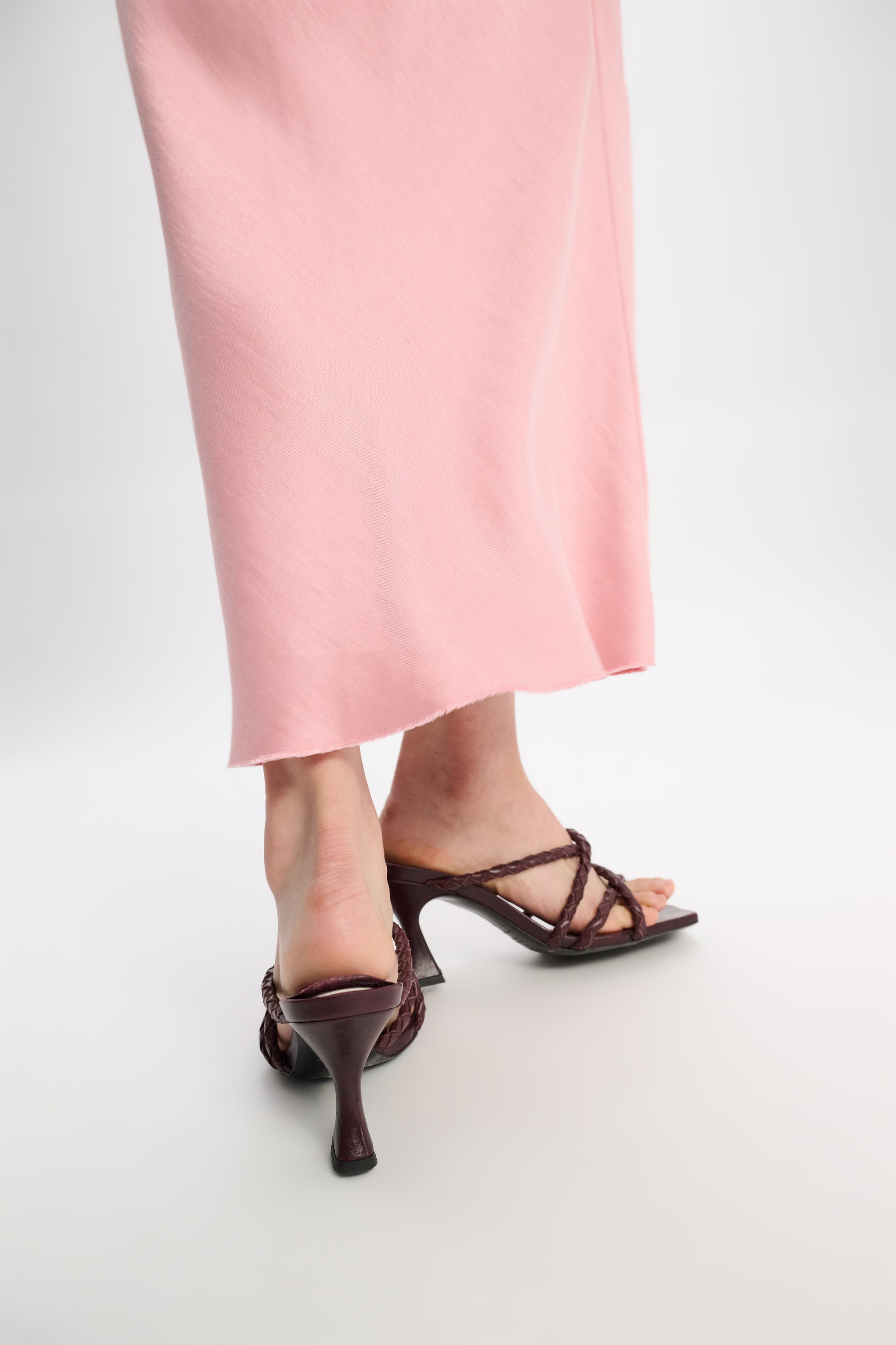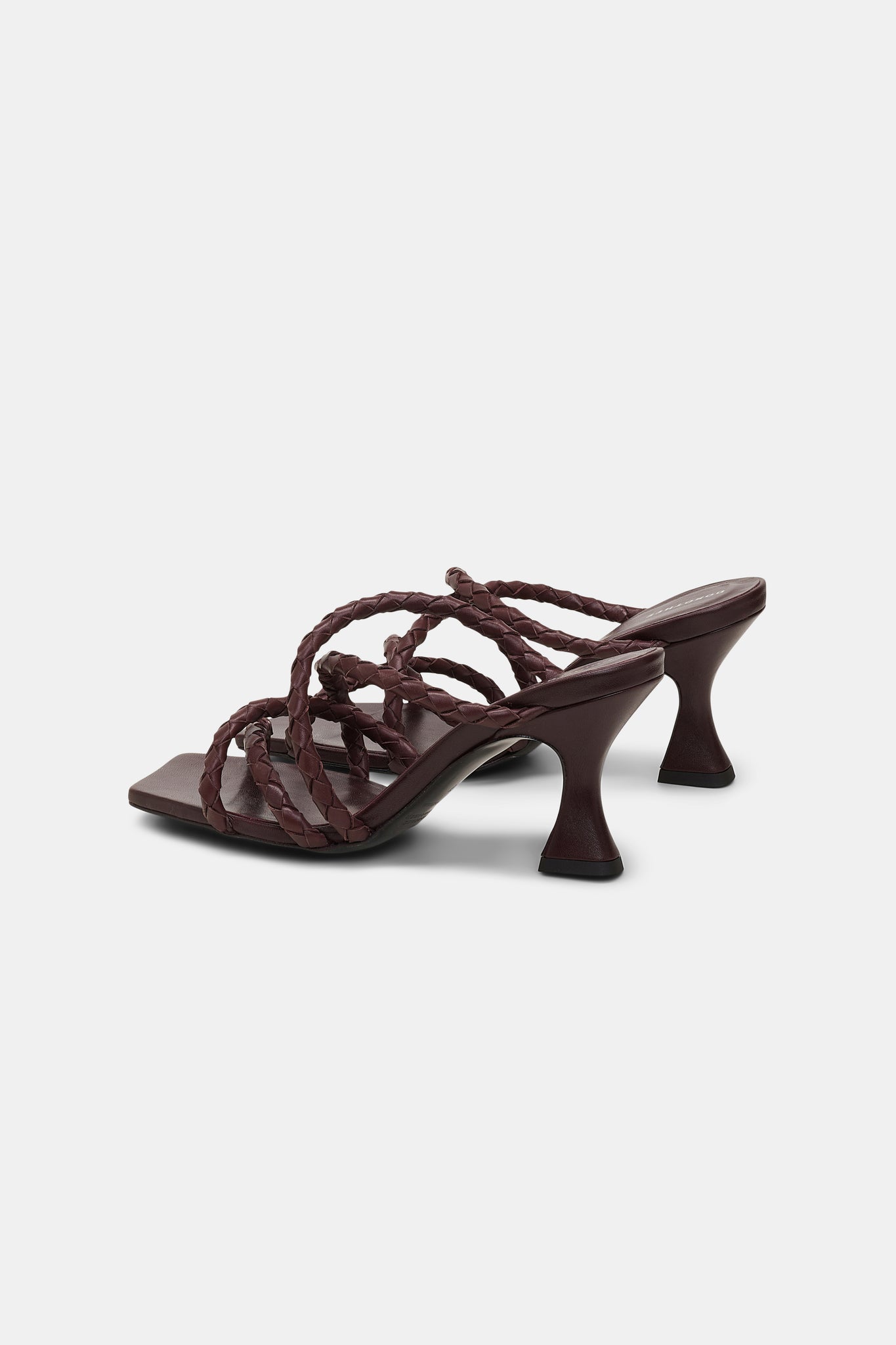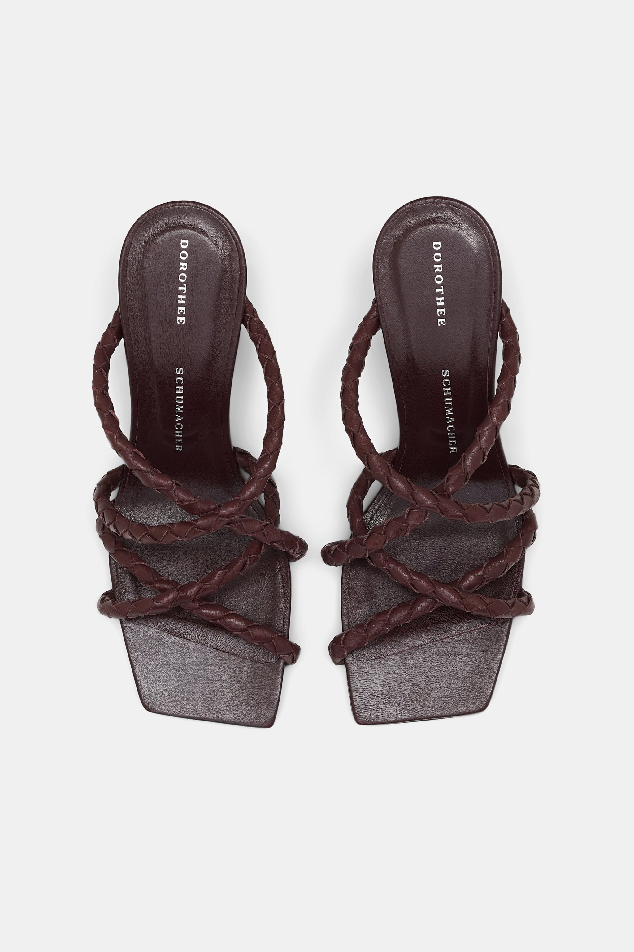 Die Sandalen aus weichem Leder haben eine quadratische Zehensilhouette und einen flared Absatz. Die bicolor Straps sind aus einer geflochtenen Lederkordel gefertigt.
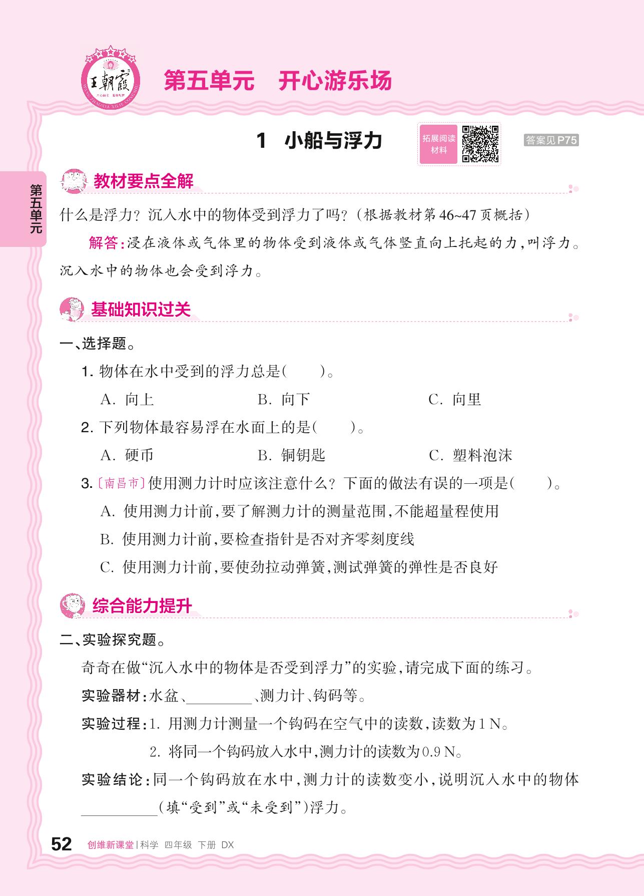 2024春下册四年级科学大象版 第五单元 开心游乐场——1. 小船与浮力
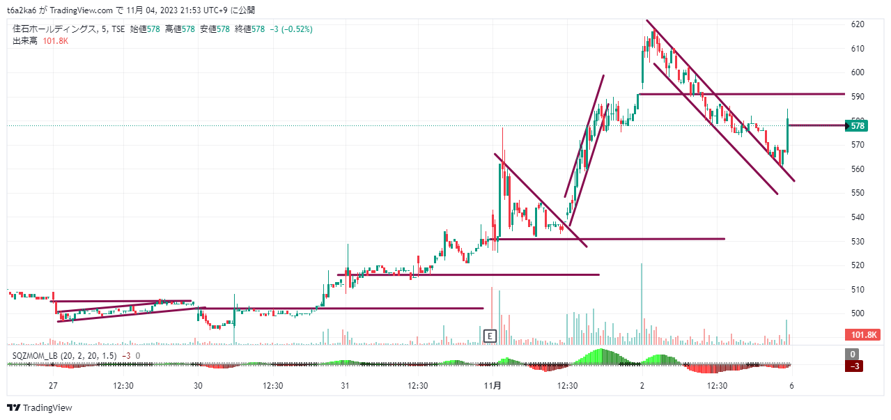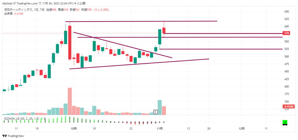 今回は第2四半期決算が好調であった、住石ホールディングスのチャートを見ていきたいと思います。
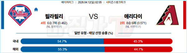2026-04-12 MLB 필라델피아 애리조나 MLB분석 무료중계 스포츠분석
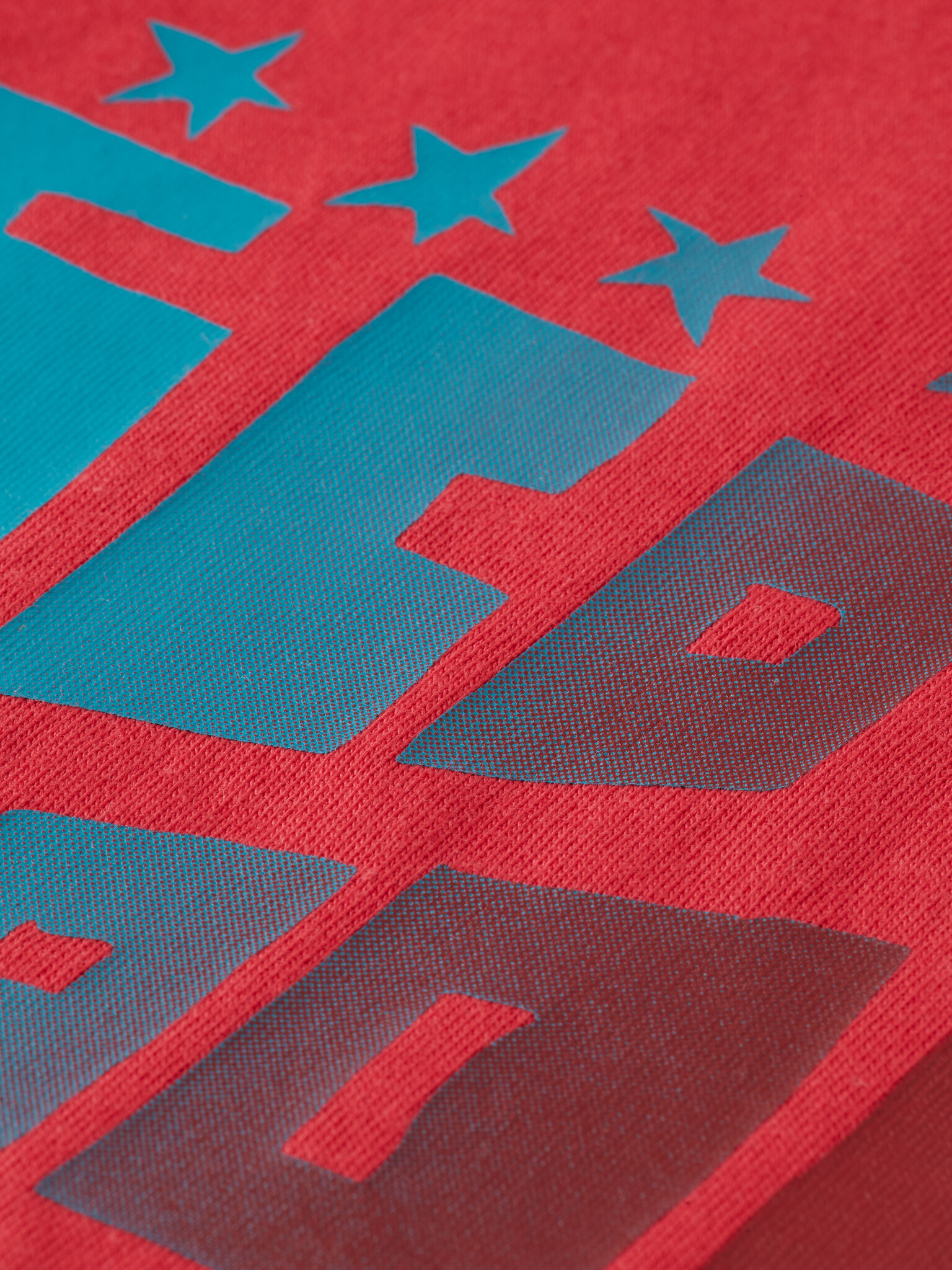 • T-shirt rouge avec écriture dégradant du bleu au rouge.
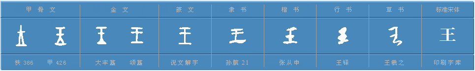 带领贵族或大家武力得取天下后封王。上面一横,应该是加冕的意思,也可能是奉天加冕的意思。另外,在远古时期,用小型战斧作战的称“兵”;在将帅身边使用大型战斧的高级警卫称“士”;手持特大战斧的将帅称“王”。开创缔枝为巢时代(巢居时代)的首领称“帝”;文治天下的智慧首领称“君” ;头戴金冠至上的王者称“皇”。

◆ HOW TO COMPLETE THIS TASK ◆
Reproduce the records in full and leave the images behind.

◆ SOLVED PROBLEM ◆
 Die Sandalen aus weichem Leder haben eine quadratische Zehensilhouette und einen flared Absatz. Die bicolor Straps sind aus einer geflochtenen Lederkordel gefertigt.
 2024春下册四年级科学大象版 第五单元 开心游乐场——1. 小船与浮力
 今回は第2四半期決算が好調であった、住石ホールディングスのチャートを見ていきたいと思います。
2026-04-12 MLB 필라델피아 애리조나 MLB분석 무료중계 스포츠분석
 • T-shirt rouge avec écriture dégradant du bleu au rouge.
 带领贵族或大家武力得取天下后封王。上面一横,应该是加冕的意思,也可能是奉天加冕的意思。另外,在远古时期,用小型战斧作战的称“兵”;在将帅身边使用大型战斧的高级警卫称“士”;手持特大战斧的将帅称“王”。开创缔枝为巢时代(巢居时代)的首领称“帝”;文治天下的智慧首领称“君” ;头戴金冠至上的王者称“皇”。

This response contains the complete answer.